Deterministic salt for KDF

cn flag

What would be recommended way to make deterministic password based file encryption?

I can use SIV mode, but KDF (like Argon) takes salt for which I could use SIV tag, but I cannot make it because I need key first.

I could use hash of file contents as salt, but that would make it 3-pass. If I would use some other single pass authenticated mode with IV generated with KDF, it would be 2-pass. Is there a better way?

EDIT: I changed my question (HKDF to KDF). I actually meant KDF generally (I had something like Argon in mind, not HKDF).

kelalaka avatar
in flag
Why not prepend the random salt to the encrypted file?
cn flag
@kelalaka You cannot, if you don't have reliable random/unique source.
kelalaka avatar
in flag
It is not you cannot, it is I cannot since you don't have a random/unique source.... You should detail more about your constraints...
cn flag
@kelalaka Constraint is it has to be determistic encryption. It is more theoretical question as fallback in case I have limited or unreliable environment.
Marc Ilunga avatar
tr flag
It seems more details on what is the goal and what has been tried is needed. HKDF supports fix salts and that is a secure KDF via indifferentiability. Also, care must be taken with how the salt is generated. A file depend salt means the attacker has potential control over the salt in a CPA setting.
cn flag
@MarcIlunga Can attacker controlling salt make it worse than no salt?
Score:1
in flag

HKDF doesn't require a salt. It does make the HKDF stronger, but in principle you can just use it without salt (or, if you're not sure, with an unreliable salt).

The salt is mainly there required when password-based encryption is used to protect against rainbow tables and identifying identical passwords. However, in this case with SIV mode you'd only be able to reliably detect identical files encrypted with the same password. The main problem seems to be the password based encryption itself.


Personally I would try and use asymmetric cryptography for this: encrypt the file using a public key (hybrid cryptography, encrypting or deriving a random AES key for each file) and protect the private key using a password and a real random salt. Then you can store the well-protected private key somewhere next to the file (or, preferably, somewhere more secure). You'd also not have to perform the PBKDF for each file, once you have the private key in memory.

Beware that many asymmetric algorithms are not secure against a full fledged quantum computer. So you might want to have another look if you want to protect your files against adversaries in the long term.
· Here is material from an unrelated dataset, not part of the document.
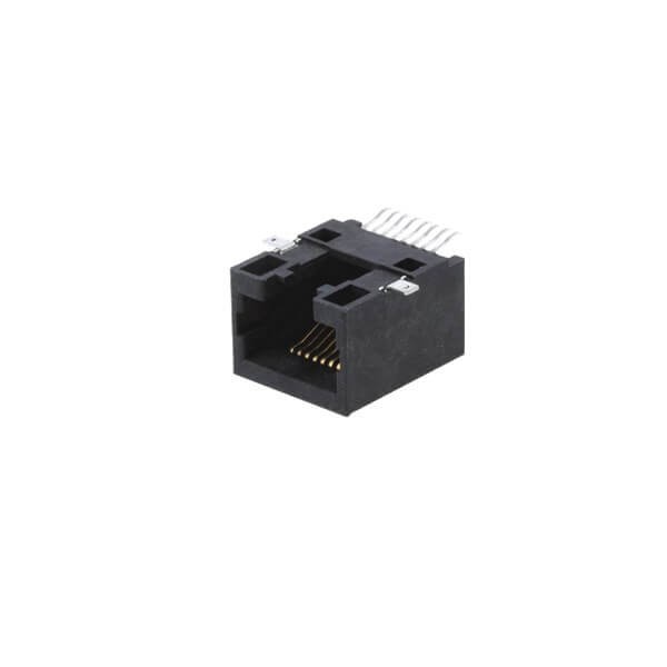 標簽:RJ45連接器,母座,PCB板,8P8C,1*1,單層,單口,沉板貼片式,非屏蔽,不帶彈片,不帶燈,不帶濾波器,全塑殼,黑色

It should also be noted that, given a public key, anybody is able to encrypt. That could be a problem as an adversary may, for instance, swap or insert ciphertext without having a key.


Note that, if you remove time from the equation, that the full path is usually unique for each file. So if you'd hash that you'd have a pretty good deterministic salt - which you could also mix with a non-reliable salt. You should probably still store the salt as not to make decryption rely on that full path.

cn flag
I changed my question. I actually meant KDF generally (I had something like Argon in mind not HKDF), but I think it does not make any difference.
Maarten Bodewes avatar
in flag
Hmm, that's debatable. HKDF is a key based KDF (KBKDF) while Argon is a password based KDF (PBKDF). For HKDF a salt enhances security (and many KDF's don't accept a salt as explicit / separate input parameter), while for a PBKDF a salt is a necessary parameter.
cn flag
Using some unreliable salt like some poor jitter or coarse timestamp or file path still seems reasonable protection against rainbow tables. Although I still kinda like idea of hashing file contents and using some single pass to encrypt, if files are small enough.